"Good-night, Noreen; thanks ever so."
Joey went to sleep at last, with an idea in her mind that some at least of the girls at Redlands were better than they seemed.
No one could think how a girl who had arrived perfectly well at four o'clock yesterday, could manage to develop such a frightful crying cold as Joey brought to breakfast next morning. Miss Lambton commented upon it; her neighbors at breakfast commented upon it with less concern and more candour; Matron commented upon it quite severely, while sticking a thermometer that tasted of carbolic into Joey's unwilling mouth, in the hall.
Noreen was hovering near.
"Please I expect that bed by the door has a draught or something," she suggested. "Shall I change with her? I don't mind really."
"Rubbish about a draught," Matron answered briskly. "There is just as much draught by a window. But you can change beds if you both like—only it's not to be a precedent."

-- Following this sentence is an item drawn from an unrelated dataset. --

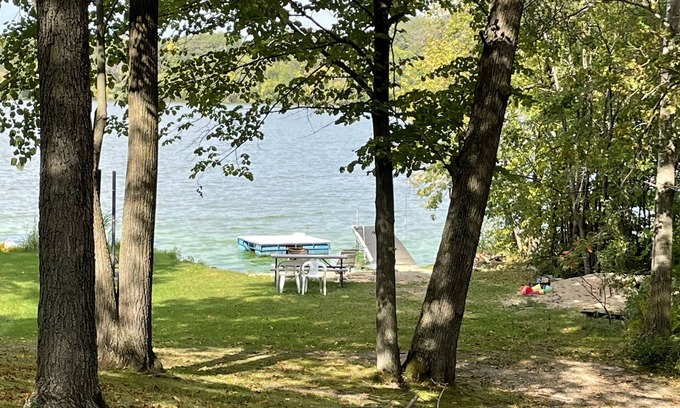 Spacious and bright, newly remodeled two bedroom with large bathroom. Beautiful view of lake. Picnic table, charcoal grill provided; firepit and zero entry beach out your front door. Enjoy shared use of kayaks, paddleboats and canoe.

Matron's urbanity was possibly due to the fact that Joey had been proved to have no temperature, and therefore could not be convicted of the heinous crime of sickening for measles, "flu," or chicken-pox.
"Keep a sports-coat on all day in the house, and you are not to stand about when the ground is wet, or stay out after four," she said, with authority. "You can run away now, but be careful. You must have done something really silly to get a cold like that."
"Come and change the beds," whispered Noreen, and the two ran up to Blue Dorm together.